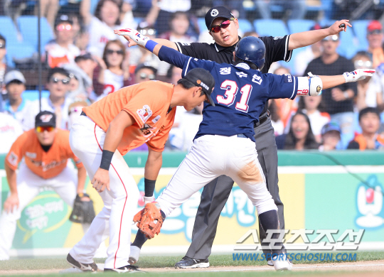 하지만 거기에 수비수는 없었다. 뒤늦게 한화의 외야진이 커버했지만, 1루 주자 김재호는 그대로 홈을 밟았다. 정수빈은 3루까지 갈 수 있었다.
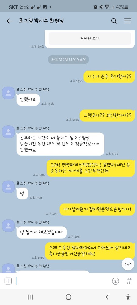 개개인에 맞는 운동을 시켜주셔서 너무 좋아요👍🏻
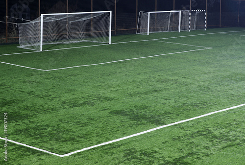 Football pitch with tree goals
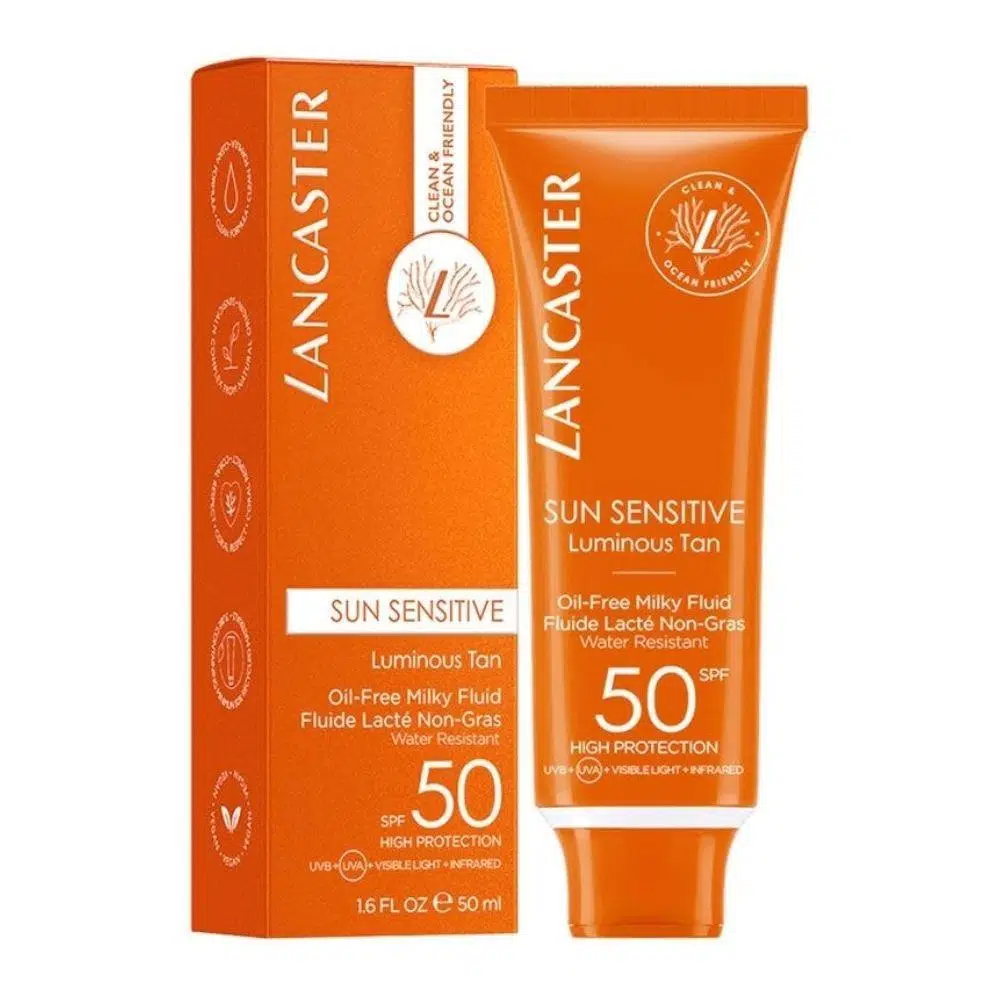 Sun Sensitive serisi, Lancaster'ın güneşe duyarlı ve hassas ciltler için yüksek toleranslı formüllere sahip en iyi performanslı güneş korumasıdır. Patentli Full Light Teknolojisi cildi UVA, UVB, Görünür Işık ve Kızılötesi Işınlar’dan korurken, doğal kökenli Sunsicalm Kompleks ise hassas cildi güneşten kaynaklanan hasarlardan korur ve yatıştırır. Temiz İçerikli ve Okyanus Dostu formüllere sahip hafif ve yağsız-sütlü doku, uygulandığında cilt üzerinde görünmez ve cildi güzelleştirir. Suya dayanıklıdır, yapışkan his bırakmaz. Hem cildinize hem doğaya saygılıdır. Vegan formüllüdür: Direkt ya da dolaylı yoldan, hayvanlardan elde edilen hiçbir bileşen barındırmaz. Mercan Refisi Dostudur: Okyanusa ve mercan resiflerine zarar veren zararlı güneş koruyucu içerikler bulunmaz. Geri Dönüştürülmüş Ambalaj: En az P tüketim sonrası geri dönüştürülmüş plastik içeren ambalaj kullanılmıştır. Cildinizde rahat bir his için yüksek toleranslı formüle sahip Lancaster Sun Sensitive Oil-Free Milky Fluid SPF50 yüz güneş korumasını kullanın.

→ **What is required**: Exact copy, pictures excluded: every line above from the one containing "개개인에 맞는 운동을 시켜주셔서 너무 좋아요👍🏻" to the one containing "Football pitch with tree goals", inclusive, and nothing more.

→ **Final answer**:
 개개인에 맞는 운동을 시켜주셔서 너무 좋아요👍🏻
 Football pitch with tree goals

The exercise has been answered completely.